Un cierto aire a más de lo mismo

A Florencio Randazzo le pasó lo que a Ícaro: no advirtió que el sol podía derretir la cera de sus falsas alas, y así cayó, del modo inmisericorde en que el poder político suele golpeara aquellos que no toman nota del juego en que se hallan inmersos. Lo más tremendo para el ex precandidato a presidente del Frente para la Victoria fue advertir que el hombre que en nombre de la presidenta Cristina Fernández le alentaba a criticar, cuestionar y demerituar al gobernador de Buenos Aires Daniel Scioli, es el mismo que ocupará el rol de garante de la continuidad del proyecto si el voto popular les concede la victoria junto a Scioli.

A partir de esta definición cuya intimidad no se conoce, Daniel Scioli es el candidato a presidente por el FPV, y Carlos Zannini, el custodio del legado de Néstor Kirchner y Cristina Fernández. La palabra “puro” aparece demasiado en el relato del Gobierno. Se dice que Zannini es un “kirchnerista puro”, que la Presidenta es quien más sabe porque ella es la que conduce y quien mejor conoce lo que hay que hacer para el mejor resultado del grupo político y por ende de la nación. Dicho de manera articulada, como sentencias surgidas de un texto sagrado, expone un universo de ideas que poco tienen de democráticas. Conceptos como “jefe”, “conductor del movimiento” muestran un criterio verticalista e infantiloide que asusta. El politólogo Enrique Zuleta Puceiro señala que conceptos como “república” resultan abstractos para la sociedad, que va por cuestiones más sencillas.
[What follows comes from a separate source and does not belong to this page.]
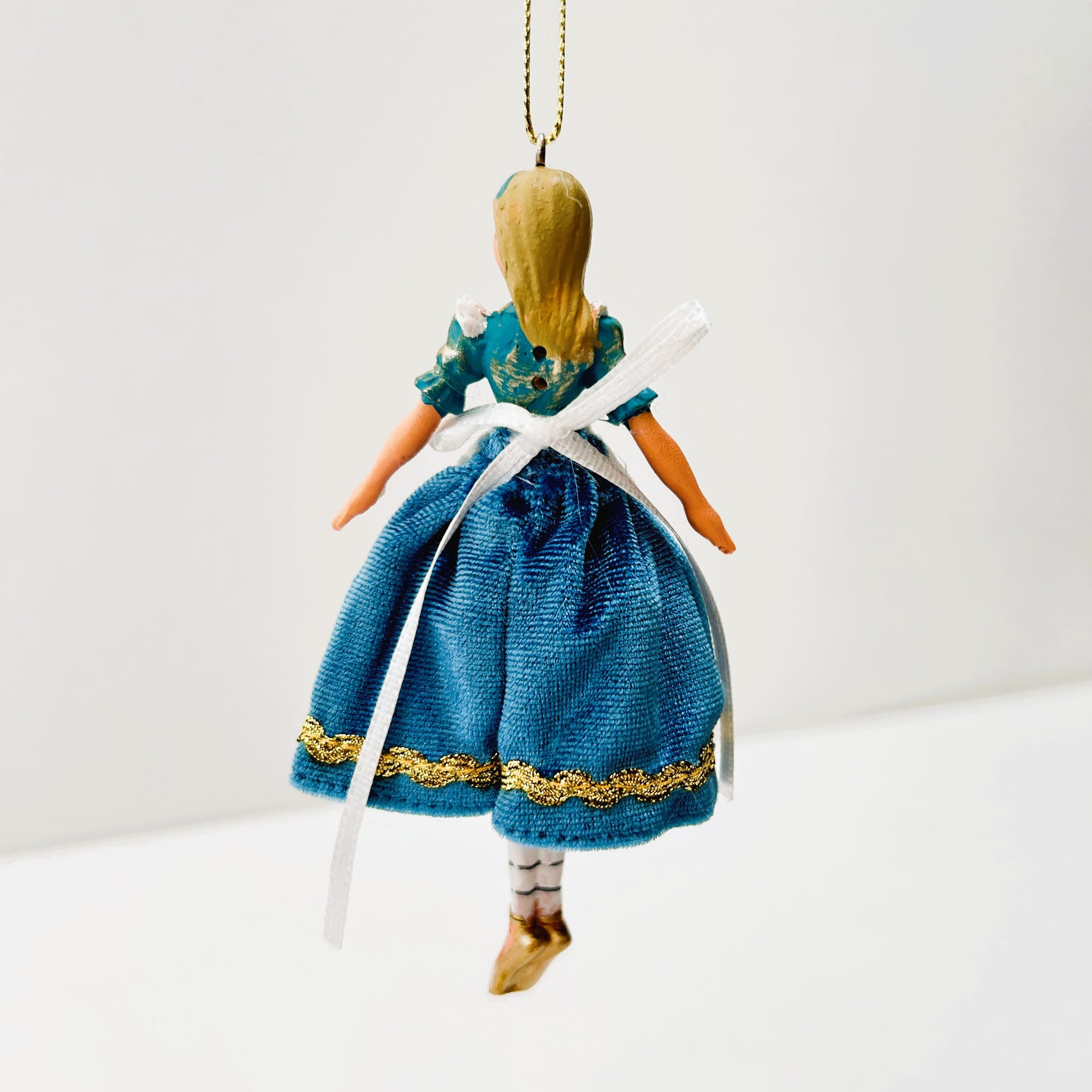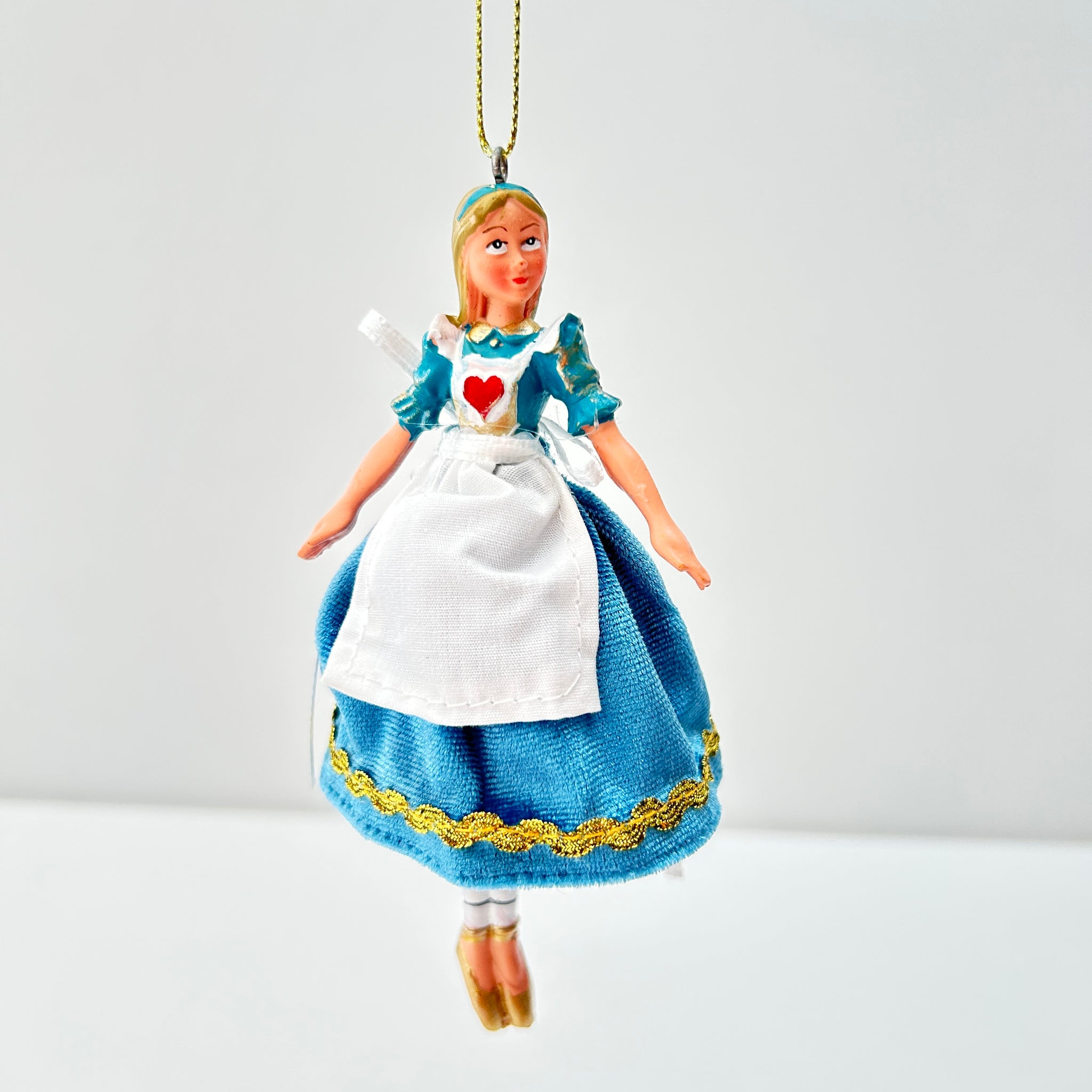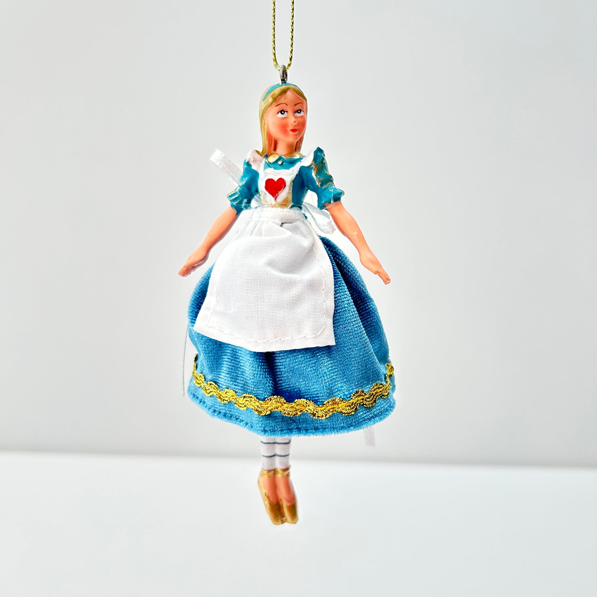 Bring the magic of the classic tale to your tree with this Alice in Wonderland resin decoration. Alice is dressed in her signature blue dress with a white apron, golden trim, and striped stockings, capturing her timeless storybook charm.

Es posible, pero no por ello es menos imperioso que haya actores políticos que propendan a una sociedad vinculada horizontalmente, que debata criterios y deje de acatar órdenes como si estuvieran emanadas de un poder divino incuestionable y omnímodo.
El aniversario número 800 de la Carta Magna británica es un frontón para aquellas naciones en las que el derecho absoluto del que conduce parece habilitar a cualquier cosa.La Magna Charta Libertatum asentó, quizá por vez primera, la libertad individual ante el poder absoluto del rey, que la tradición de la época consideraba un elegido de Dios. La Magna Carta no inventó la libertad, ni fundó la primera democracia, ni fue la primera Constitución; ya los egipcios y los sumerios habían codificado leyes, y los griegos habían experimentado con la democracia. Su originalidad descansa en caracterizar la libertad de la persona como superior y anterior al Estado, en amarrar la libertad con la propiedad privada, y en afirmar la “libertad bajo la ley”.
Han pasado ochocientos años, y cada nación a la vez que cada generación debe luchar sus propias batallas. En la democracia argentina, la lucha por la limitación del poder y la sujeción del dirigente al dictado del interés común es una batalla de la época que merece ser librada mediante el voto popular.